Front and center was a freshly restored Lamborghini Miura SV—arguably the final, most polished expression of the car widely credited as the world’s first supercar. This wasn’t just a polish-and-parade job. Over three years, Lamborghini’s heritage division, Lamborghini Polo Storico, performed a forensic-level restoration, peeling back decades of alterations to return the car to its factory-correct form.

Unveiled at Casina Valadier, the Miura didn’t scream for attention—it didn’t have to. In a city built on permanence, authenticity carries weight, and this car had it in spades.

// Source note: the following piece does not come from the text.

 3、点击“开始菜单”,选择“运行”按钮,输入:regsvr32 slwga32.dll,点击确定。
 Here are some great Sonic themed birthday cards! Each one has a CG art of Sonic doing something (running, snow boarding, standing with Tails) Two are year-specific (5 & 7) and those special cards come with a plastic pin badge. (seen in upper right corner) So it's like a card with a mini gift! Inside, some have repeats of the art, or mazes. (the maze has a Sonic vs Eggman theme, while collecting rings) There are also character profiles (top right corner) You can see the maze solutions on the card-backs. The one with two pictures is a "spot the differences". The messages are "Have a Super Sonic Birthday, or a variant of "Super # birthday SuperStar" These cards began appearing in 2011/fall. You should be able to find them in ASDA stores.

The backstory reads like a restoration thriller. When the car arrived in Sant’Agata Bolognese in late 2023, it wasn’t quite itself. Non-original details had crept in over the years, blurring the edges of its identity. So Polo Storico went deep—consulting original production sheets, period documentation, and historical records to reconstruct the Miura down to the smallest detail.

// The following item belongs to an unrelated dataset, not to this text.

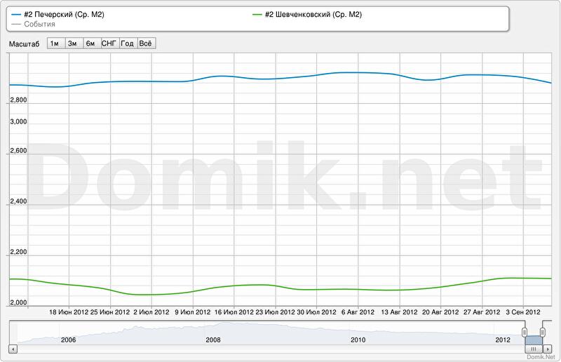 Зеленая кривая – статистика цен предложений в Шевченковском районе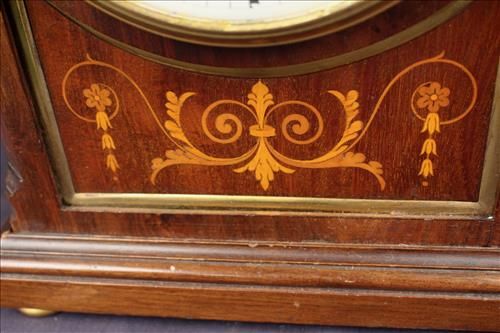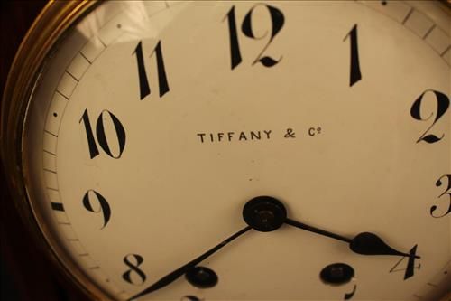 117 Tiffany inlaid mahogany clock, signed Tiffany

We’re talking about the kind of obsessive accuracy that borders on the philosophical. The front-fender grilles? Corrected. The delicate fins above the door handles? Re-profiled with proper rounded edges. Rear louvers? Rebuilt to match period regulations. Even the octagonal center-lock hubs and those wonderfully named “Bob-type” exhaust tips—after legendary test driver Bob Wallace—were reinstated.

Inside, the cabin received the same treatment. Air-conditioning provisions restored. Hazard lights reintroduced. A more compact steering wheel fitted. Even the extended handbrake lever made a comeback. It’s the kind of detail work that most people will never notice—and that’s exactly the point.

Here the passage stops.